Trade

Trade exists for many reasons. Due to specialization and division of labor, most people concentrate on a small aspect of production, trading for other products. Trade exists between regions because different regions have a comparative advantage in the production of some tradable commodity, or because different regions' size allows for the benefits of mass production.

Trade originated with the start of communication in prehistoric time. Trading was the main facility of prehistoric people, who bartered goods and services from each other. Peter Watson dates the history of long-distance commerce from circa 150,000 years ago. As such, trade at market prices between locations benefits both locations.

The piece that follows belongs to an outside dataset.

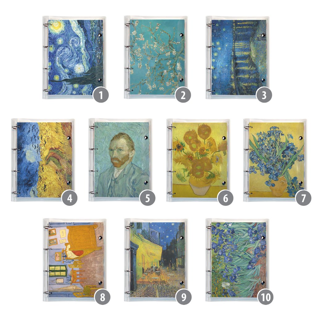 Caderno argolado fichário universitário cristal transparente van gogh 250 folhas + divisórias

Trade is believed to have taken place throughout much of recorded human history. There is evidence of the exchange of obsidian and flint during the stone age. Materials used for creating jewelry were traded with Egypt since 3000 BCE. Long-range trade routes first appeared in the 3rd millennium BCE, when Sumerians in Mesopotamia traded with the Harappan civilization of the Indus Valley. The Phoenicians were noted sea traders, travelling across the Mediterranean Sea, and as far north as for sources of tin to manufacture bronze. For this purpose they established trade colonies the Greeks called emporia.

From the beginning of Greek civilization until the fall of the Roman empire in the 5th century, a financially lucrative trade brought valuable spice to Europe from the far east, including China. Roman commerce allowed their empire to flourish and endure. Their widespread empire produced a stable and secure transportation network that enabled the shipment of trade goods without fear of significant piracy.

The fall of the Roman empire, and the succeeding Dark Ages brought instability to Western Europe and a near collapse of the trade network. Nevertheless some trade did occur. For instance, Radhanites were a medieval guild or group (the precise meaning of the word is lost to history) of Jewish merchants who traded between the Christians in Europe and the Muslims of the Near East.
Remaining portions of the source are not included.